勇者相手にヘルグラムが豪語するのも無理はない力だった。
「成程。それが君の自信の源カ」
「さぁ! 頭を深く下げ、詫びろ! このオレを敵に回したことを、あの世で後悔するが良い!」
「……ならば、それに抗ってみせよウ」
しかし、ハイウォーカーは静かにそう言った。
直後、周囲の光景が溶けるように崩れていく。
立ち並ぶ建物も、青が広がる空も、全てが暗闇に落ちていく。
流石のヘルグラムも異変を感じ、突き立てようとした槍の行方を失った。
「何だ、これは!? 異空間だと!?」
「異空間などではないサ。これは夢。

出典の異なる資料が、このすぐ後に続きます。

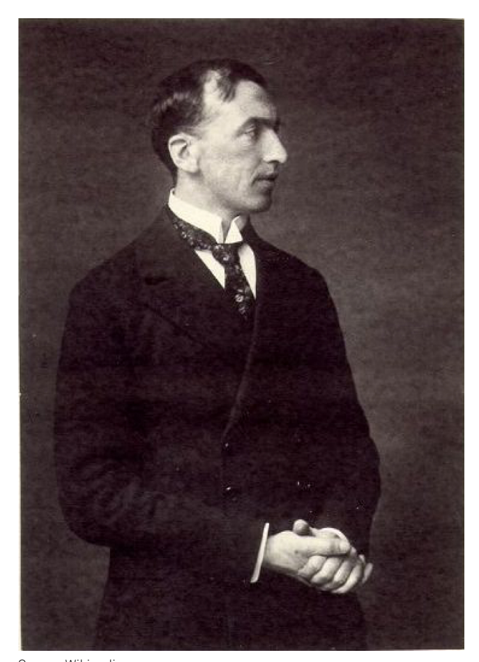
Source: Wikipedia. Figure 1. Hans Gerhardt Creutzfeldt (1920); author unknown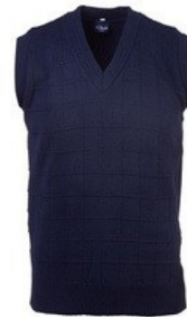
MENS S/LESS IN NAVY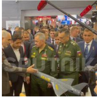
Russian Defense Minister Visits Iranian Military Stand at Army Expo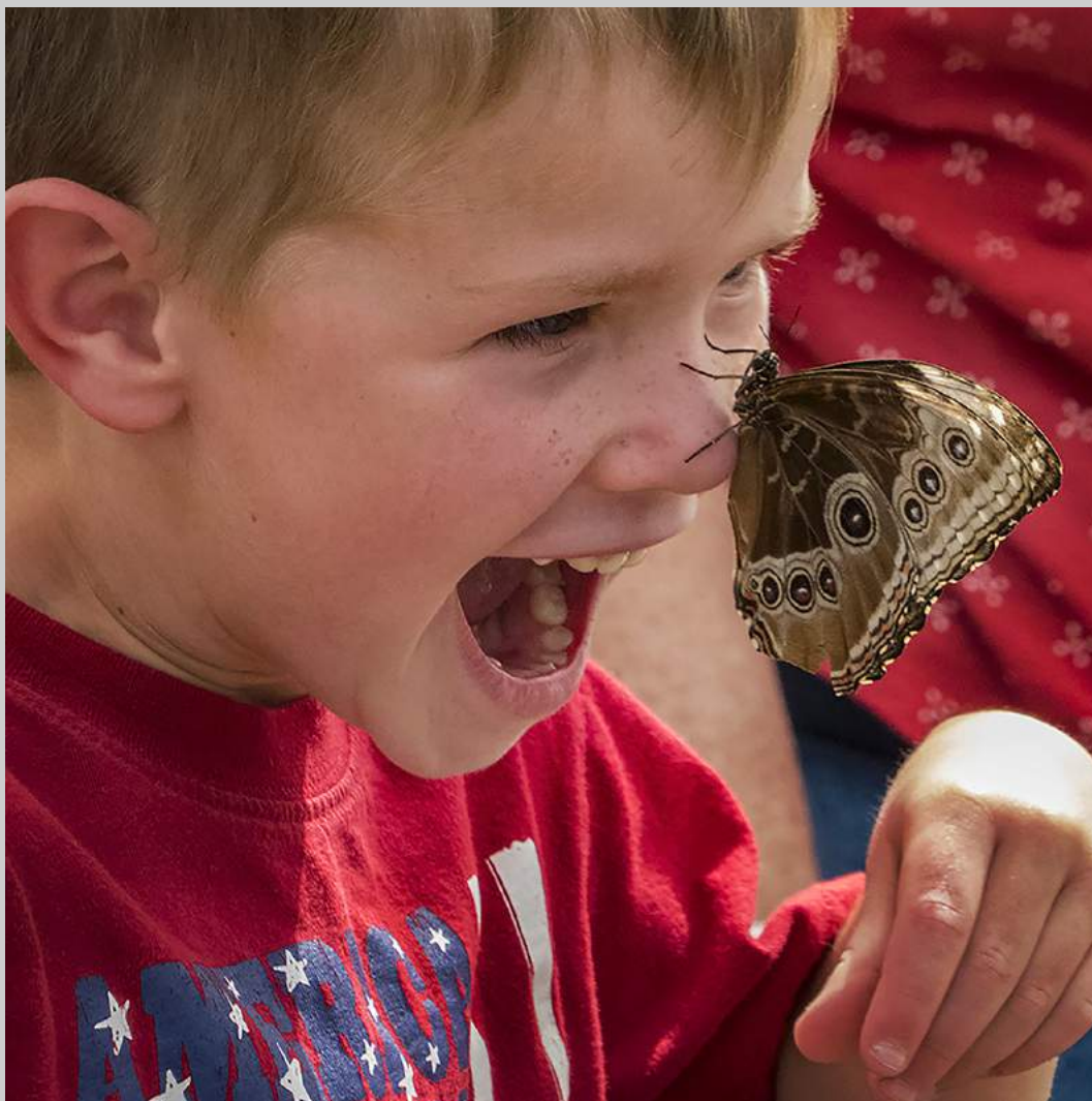
“THE NOSE KNOWS” © DEE MCMILLAN 2018 Coachella International Exhibition of Photography Photojournalism Human Interest PSA Best of Show Gold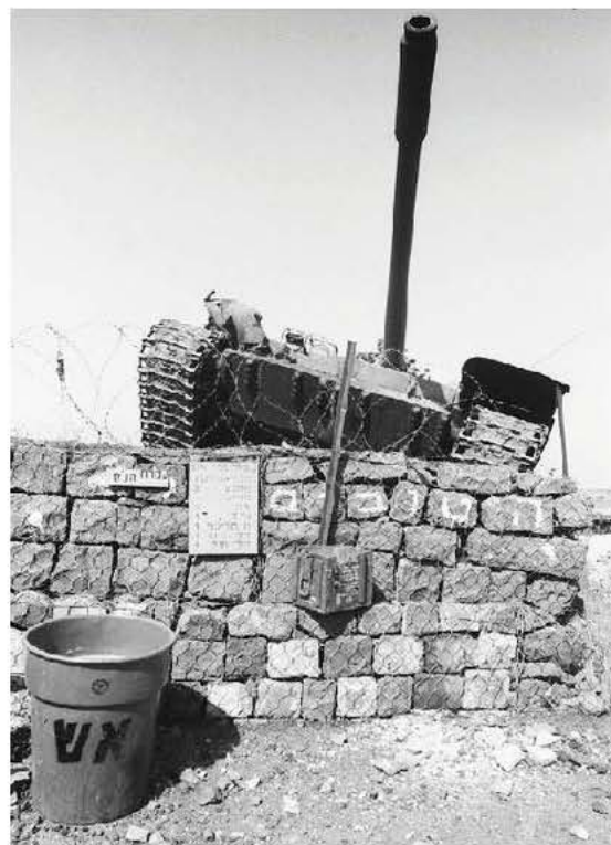
LEFT: Destroyed Syrian tank on the Golan Heights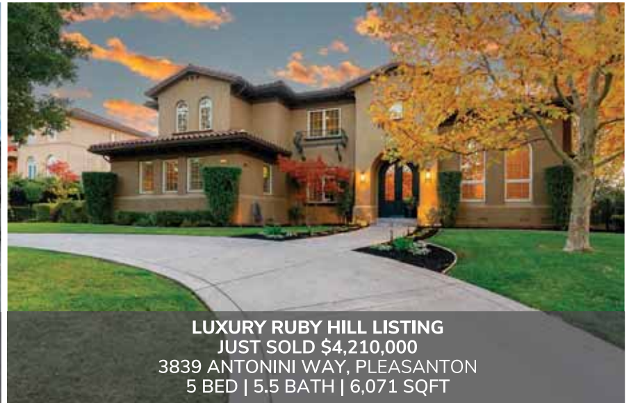
LUXURY RUBY HILL LISTING JUST SOLD $4,210,000 3839 ANTONINI WAY, PLEASANTON 5 BED | 5.5 BATH | 6,071 SQFT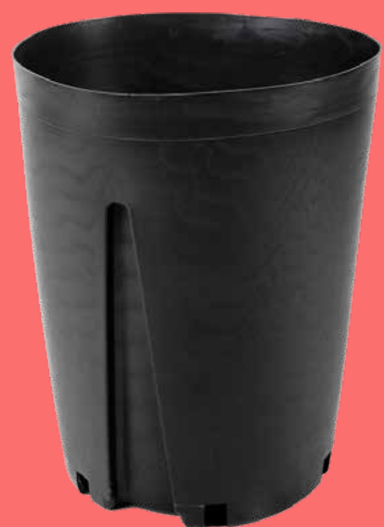
High Nursery Pot 20/L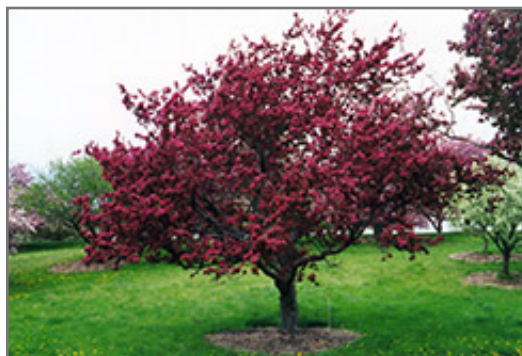
Profusion Flowering Crab in bloom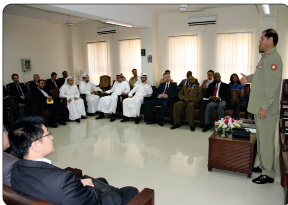
Get Together with all DLOs at ANFA 9 April 2014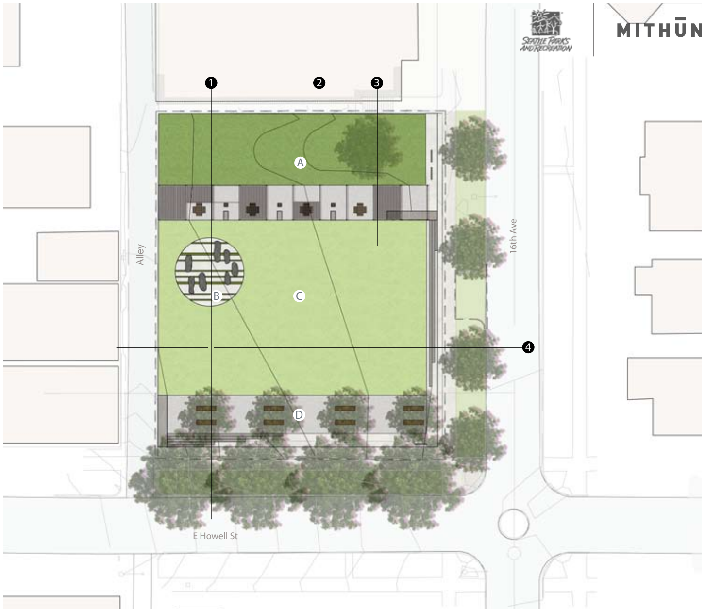
(A) Collective Garden (B) "Seven hills of Seattle" (C) The green (D) Shannon's Allee (proposed name for consideration)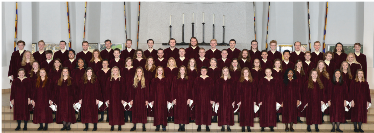
The Gustavus Choir 2019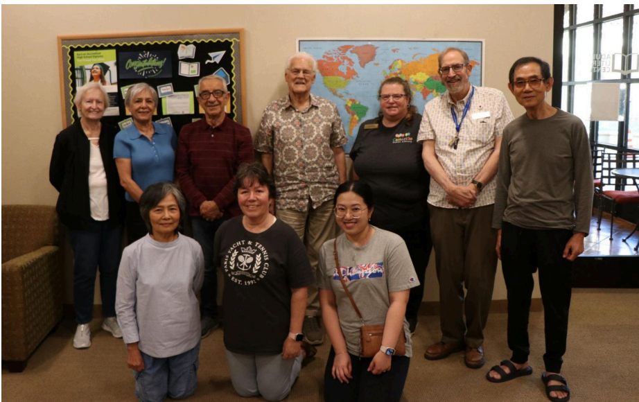
Adult Literacy Conversation Group

With the support of the State Library of California, the Camarillo Public Library began offering scholarships to Career Online High School (COHS) in August 2023. We currently have seven adult learners earning their high school diploma and a credentialed career certificate - one adult learner is in the process of earning her scholarship. COHS is fully accredited by Cognia (formerly AdvancED), meaning that COHS is recognized nationally as a quality school system that delivers an accredited high school diploma.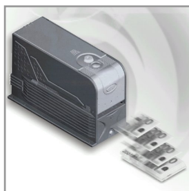
Note dispenser option to allow change to be returned in note form. Multiple note dispenser bays to cater for different needs.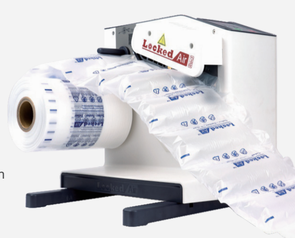
Size (mm): 360*300*345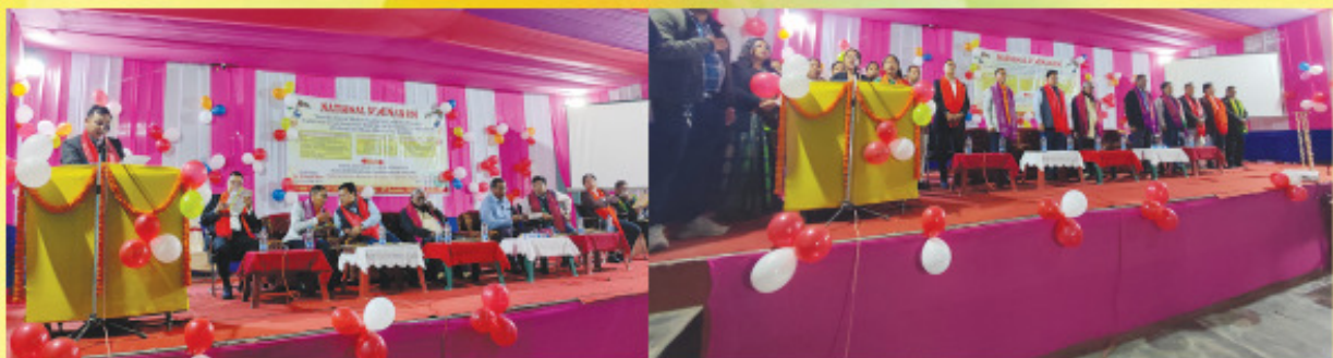
A Glimpse of Opening Ceremony of National Seminar organised by Tamulpur College in collaboration with Bodoland Senior Citizen Forum on 10th December, 2023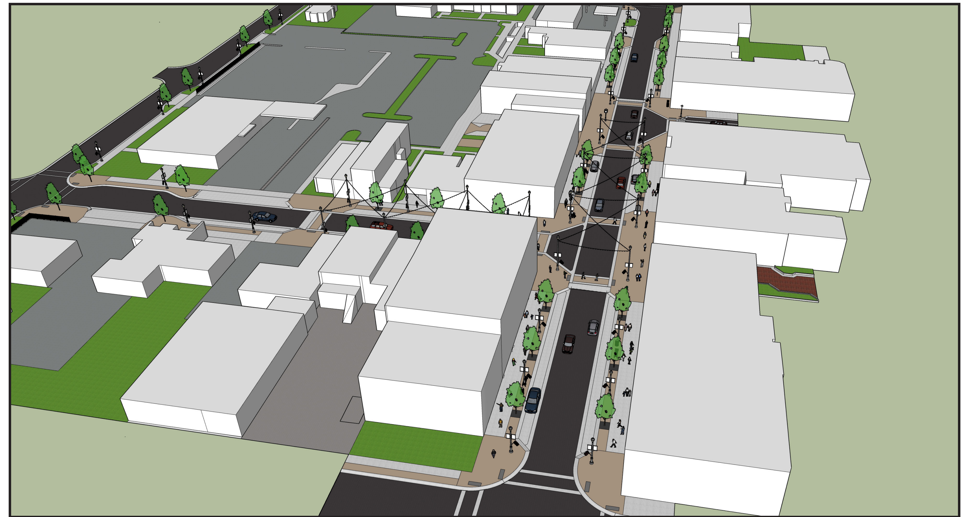
Front St. Aerial View- Looking East

我が黒魔導の極致、黒夢」
そう言いながら、ハイウォーカーはゆっくりと立ち上がる。
スキル影響化にあったにも関わらず、何事もなかったように動き出す。
ここは現実ではない、夢の世界。
ヘルグラムは無意識に眠りに落とされ、夢の中に意識だけが取り残されたのだ。
「君が接近する瞬間、術中に落とさせてもらったヨ」
「馬鹿な!? 俺の傷伏は確実にお前に発動した筈……」
「確かに発動しタ。でも今は夢の中、ただの寝言になったのサ」
眠りに落ちた時点でヘルグラム本体は無意識になり、意識的に発動していたスキルの力は消失する。
夢の中では全てが無防備。
助ける者もいなく、自分以外の全てが闇に覆われる。
そして発動者が術式を解かない限り、夢はどこまでも永遠に続く。
更に唯一いたハイウォーカー自身も、小さな笑い声を上げて闇の向こうに消えていく。
「待てッ! 何処に行く!?」
「君は夢の中に取り残されル。永遠にこの夢幻を彷徨うが良イ」
最早、彼に用はない。
暗闇だけの世界で孤独に取り残されるだけだ。
ハイウォーカーは手を伸ばす男を尻目に、現実の世界へと舞い戻った。